Work insights platform Fin raised $20 million in Series A funding and brought in Evan Cummack, a former Twilio executive, as its new chief executive officer.

The San Francisco-based company captures employee workflow data from across applications and turns it into productivity insights to improve the way enterprise teams work and remain engaged.

Fin was founded in 2015 by Andrew Kortina, co-founder of Venmo, and Facebook’s former VP of product and Slow Ventures partner Sam Lessin. Initially, the company was doing voice assistant technology — think Alexa but powered by humans and machine learning — and then workplace analytics software in 2020. You can read more about Fin’s origins at the link below.

The new round was led by Coatue, with participation from First Round Capital, Accel and Kleiner Perkins. The original team was talented, but small, so the new funding will build out sales, marketing and engineering teams, Cummack said.

“At that point, the right thing was to raise money, so at the end of last year, the company raised a $20 million Series A, and it was also decided to find a leadership team that knows how to build an enterprise,” Cummack told TechCrunch. “The company had completely pivoted and removed ‘Analytics’ from our name because it was not encompassing what we do.”

Fin’s software measures productivity and provides insights on ways managers can optimize processes, coach their employees and see how teams are actually using technology to get their work done. At the same time, employees are able to manage their workflow and highlight areas where there may be bottlenecks. All combined, it leads to better operations and customer experiences, Cummack said.

Graphic showing how work is really done. Image Credits: Fin

Fin’s view is that as more automation occurs, the company is looking at a “renaissance of human work.” There will be more jobs and more types of jobs, but people will be able to do them more effectively and the work will be more fulfilling, he added.

Particularly with the use of technology, he notes that in the era before cloud computing, there was a small number of software vendors. Now with the average tech company using over 130 SaaS apps, it allows for a lot of entrepreneurs and adoption of best-in-breed apps so that a viable company can start with a handful of people and leverage those apps to gain big customers.

“It’s different for enterprise customers, though, to understand that investment and what they are spending their money on as they use tools to get their jobs done,” Cummack added. “There is massive pressure to improve the customer experience and move quickly. Now with many people working from home, Fin enables you to look at all 130 apps as if they are one and how they are being used.”

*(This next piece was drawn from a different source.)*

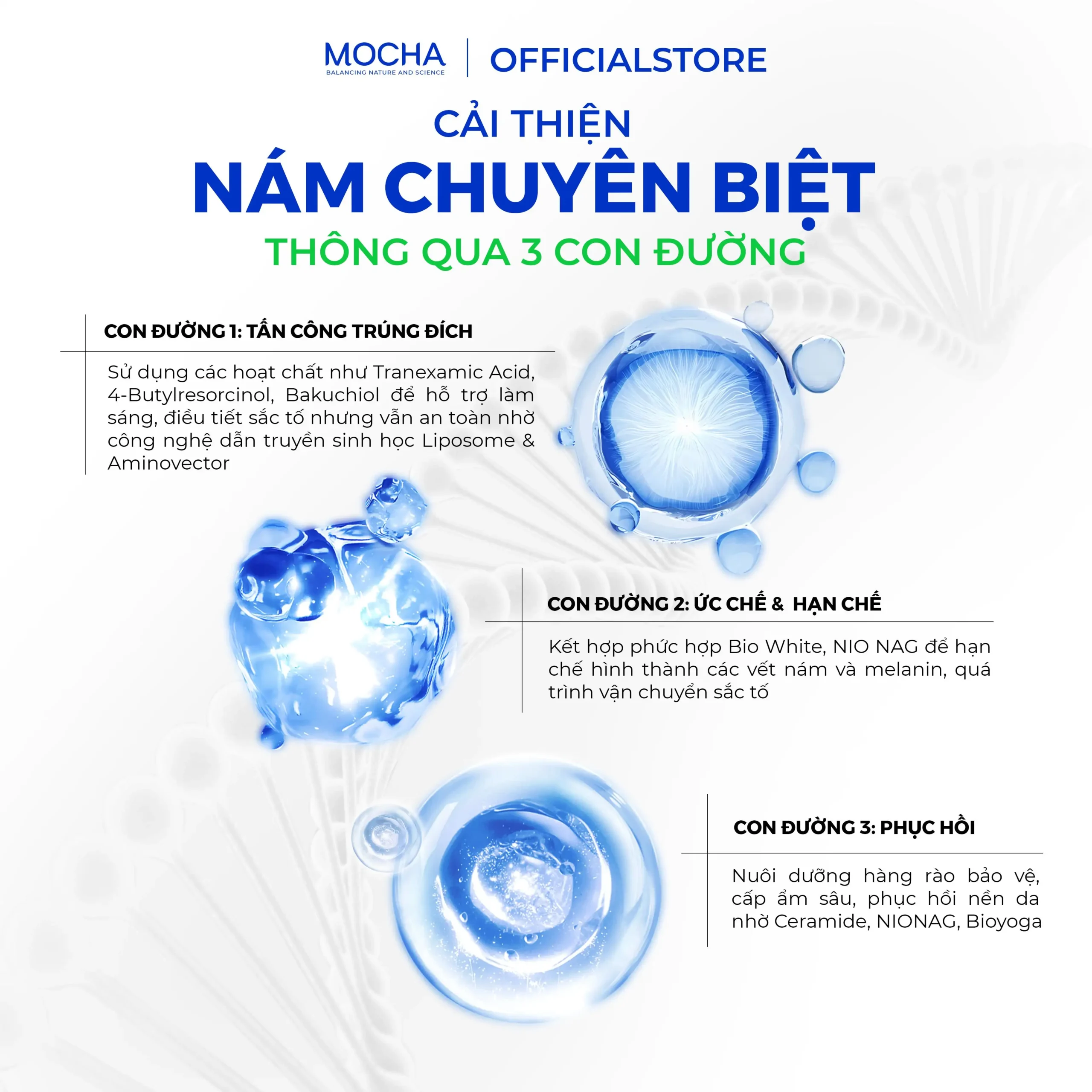 1. Mocha Nám là sản phẩm chứa 4 thành phần hoạt chất trị nám mạnh mẽ nhất hiện nay được nghiên cứu lâm sàng  (4 Hoạt chất trị nám tốt nhất hiện nay đều có mặt trong 1 sản phẩm kem dưỡng)

As a result, Fin’s customers are seeing metrics like 16% increase in team utilization and engagement, a 25% decrease in support ticket handle time and a 71% increase in policy compliance. Meanwhile, the company itself is doubling and tripling its customers and revenue each year.

Now with leadership and people in place, Cummack said the company is positioned to scale, though it already had a huge head start in terms of a meaningful business.

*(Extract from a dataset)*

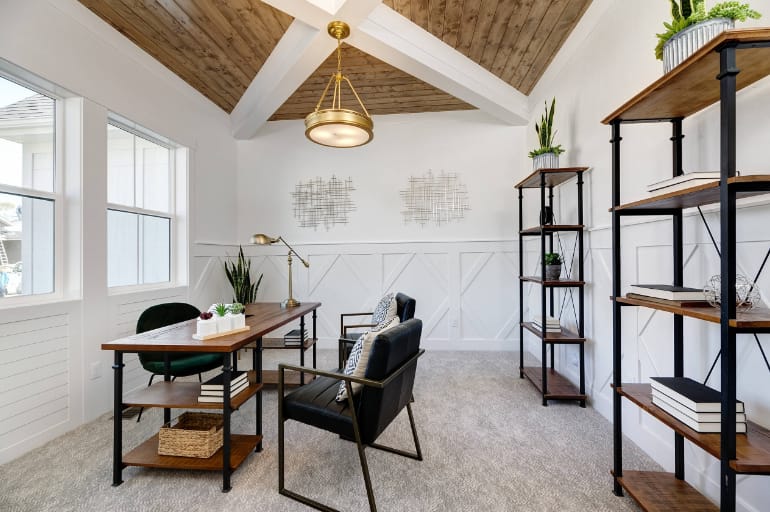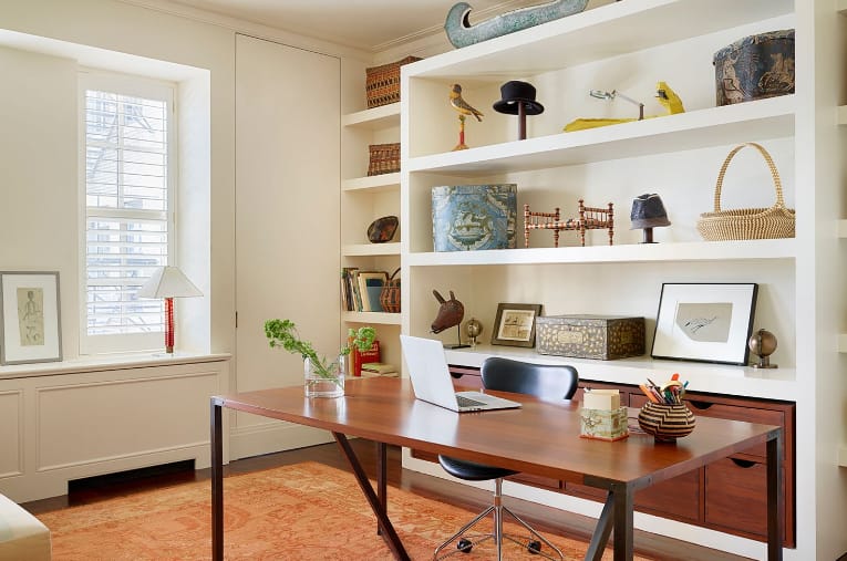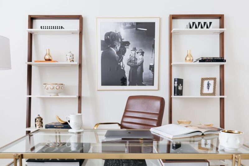 White modern office shelving is common in modern home offices. However, you can make these shelves eye-catching by placing unique decorative items on them. Several items you can use to decorate these shelves are antique boxes, a wicker basket, and hats.

Arielle Zuckerberg, partner at Coatue, said via email that she was part of a previous firm that invested in Fin’s seed round to build a virtual assistant. She was also a customer of Fin Assistant until it was discontinued.

When she heard the company was pivoting to enterprise, she “was excited because I thought it was a natural outgrowth of the previous business, had a lot of potential and I was already familiar with management and thought highly of them.”

She believed the “brains” of the company always revolved around understanding and measuring what assistants were doing to complete a task as a way to create opportunities for improvement or automation. The pivot to agent-facing tools made sense to Zuckerberg, but it wasn’t until the global pandemic that it clicked.

“Service teams were forced to go remote overnight, and companies had little to no visibility into what people were doing working from home,” she added. “In this remote environment, we thought that Fin’s product was incredibly well-suited to address the challenges of managing a growing remote support team, and that over time, their unique data set of how people use various apps and tools to complete tasks can help business leaders improve the future of work for their team members. We believe that contact center agents going remote was inevitable even before COVID, but COVID was a huge accelerant and created a compelling ‘why now’ moment for Fin’s solution.”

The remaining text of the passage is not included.